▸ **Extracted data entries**
== Segment start ==

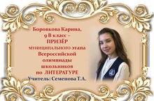 Поздравляем Карину Боровкову и её учителя Татьяну Анатольевну Семенову с ПРИЗОВЫМ МЕСТОМ в муниципальном этапе Всероссийской олимпиады школьников по ЛИТЕРАТУРЕ среди учащихся 9 классов и желаем им новых ПОБЕД! Молодцы!!!
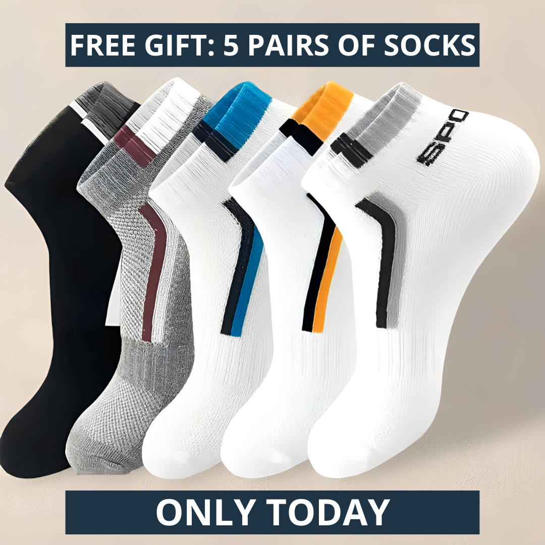 Når du sikrer deg settet ditt nå, vil du motta 5 par premium 100 % bomullssokker helt GRATIS.
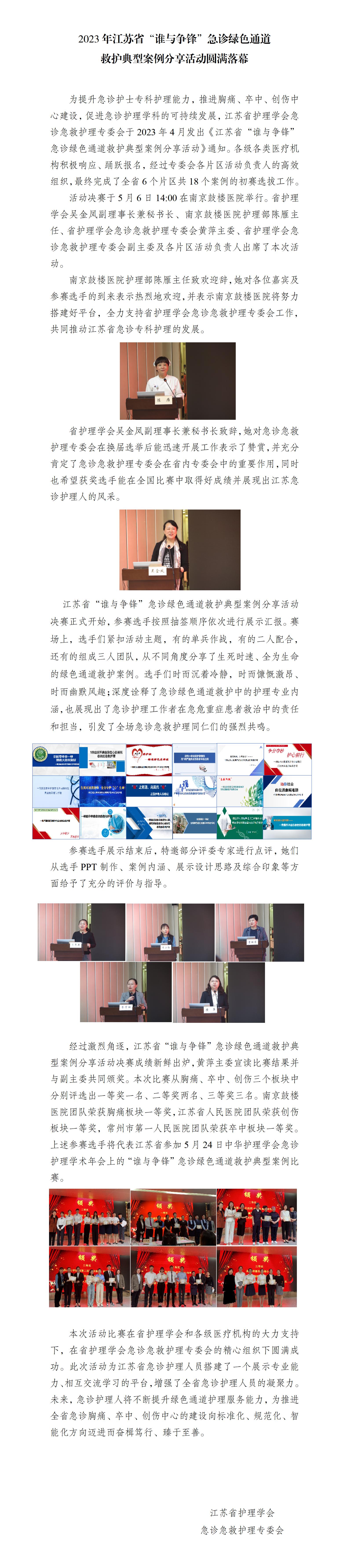 2023年江苏省“谁与争锋”急诊绿色通道救护典型案例分享活动圆满落幕
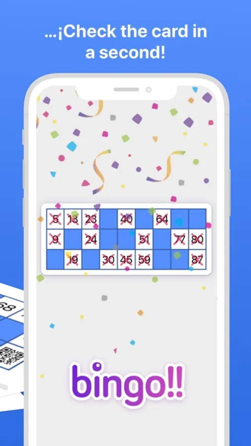 Each card has a QR code so if you download bingo!! app you can automatically call out the numbers and scan this code to check the results in a second.
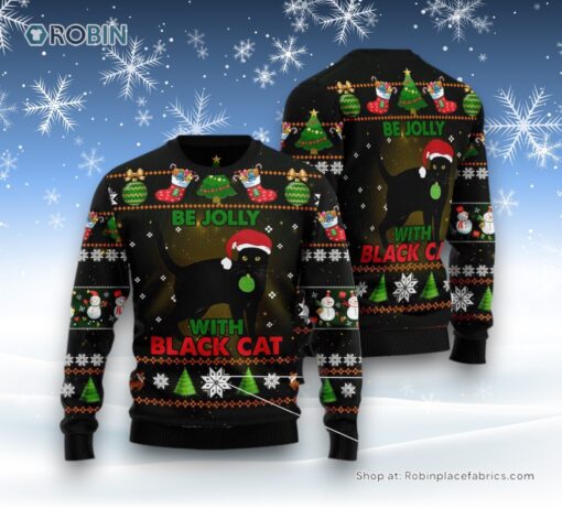 Cat Christmas Ugly Sweater, Black Cat Be Jolly Ugly Christmas Sweater details

== Segment end ==

▸ **What is being asked**
Only the lines from the one containing "Each card has" through the last line of the entries above should be copied, exactly as they are and without the pictures.

▸ **Written answer**
 Each card has a QR code so if you download bingo!! app you can automatically call out the numbers and scan this code to check the results in a second.
 Cat Christmas Ugly Sweater, Black Cat Be Jolly Ugly Christmas Sweater details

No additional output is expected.